• _Provided information_:
------------

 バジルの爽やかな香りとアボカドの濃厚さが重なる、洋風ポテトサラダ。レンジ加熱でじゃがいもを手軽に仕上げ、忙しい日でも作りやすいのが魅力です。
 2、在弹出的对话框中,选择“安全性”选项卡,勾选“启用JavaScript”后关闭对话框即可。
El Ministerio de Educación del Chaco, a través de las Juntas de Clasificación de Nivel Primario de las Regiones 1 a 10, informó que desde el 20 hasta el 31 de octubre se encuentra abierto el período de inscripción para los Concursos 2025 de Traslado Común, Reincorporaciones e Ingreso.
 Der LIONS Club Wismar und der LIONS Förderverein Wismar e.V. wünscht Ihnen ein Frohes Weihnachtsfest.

------------

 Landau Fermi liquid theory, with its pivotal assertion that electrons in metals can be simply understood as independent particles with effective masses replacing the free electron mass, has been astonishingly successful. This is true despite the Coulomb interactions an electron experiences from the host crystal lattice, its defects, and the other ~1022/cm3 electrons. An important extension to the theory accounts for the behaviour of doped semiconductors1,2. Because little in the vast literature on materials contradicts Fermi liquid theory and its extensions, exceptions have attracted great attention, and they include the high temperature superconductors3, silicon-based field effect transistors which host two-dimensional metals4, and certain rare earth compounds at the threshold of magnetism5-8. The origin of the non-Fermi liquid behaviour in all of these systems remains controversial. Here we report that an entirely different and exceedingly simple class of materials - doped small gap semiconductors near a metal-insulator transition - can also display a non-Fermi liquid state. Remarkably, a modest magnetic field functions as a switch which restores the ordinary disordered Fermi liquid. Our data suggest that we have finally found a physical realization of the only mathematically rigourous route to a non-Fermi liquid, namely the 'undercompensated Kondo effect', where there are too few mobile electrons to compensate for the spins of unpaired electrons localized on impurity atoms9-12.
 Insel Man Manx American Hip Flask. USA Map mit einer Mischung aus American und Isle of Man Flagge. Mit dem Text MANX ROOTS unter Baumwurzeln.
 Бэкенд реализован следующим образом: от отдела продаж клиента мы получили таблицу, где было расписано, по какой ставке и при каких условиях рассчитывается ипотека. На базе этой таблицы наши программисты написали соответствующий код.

------------

• _About this exercise_:
From the material above, copy exactly the lines between the line holding "El Ministerio de" and the line holding "Der LIONS Club", inclusive, and only those.

• _Expected answer_:
El Ministerio de Educación del Chaco, a través de las Juntas de Clasificación de Nivel Primario de las Regiones 1 a 10, informó que desde el 20 hasta el 31 de octubre se encuentra abierto el período de inscripción para los Concursos 2025 de Traslado Común, Reincorporaciones e Ingreso.
 Der LIONS Club Wismar und der LIONS Förderverein Wismar e.V. wünscht Ihnen ein Frohes Weihnachtsfest.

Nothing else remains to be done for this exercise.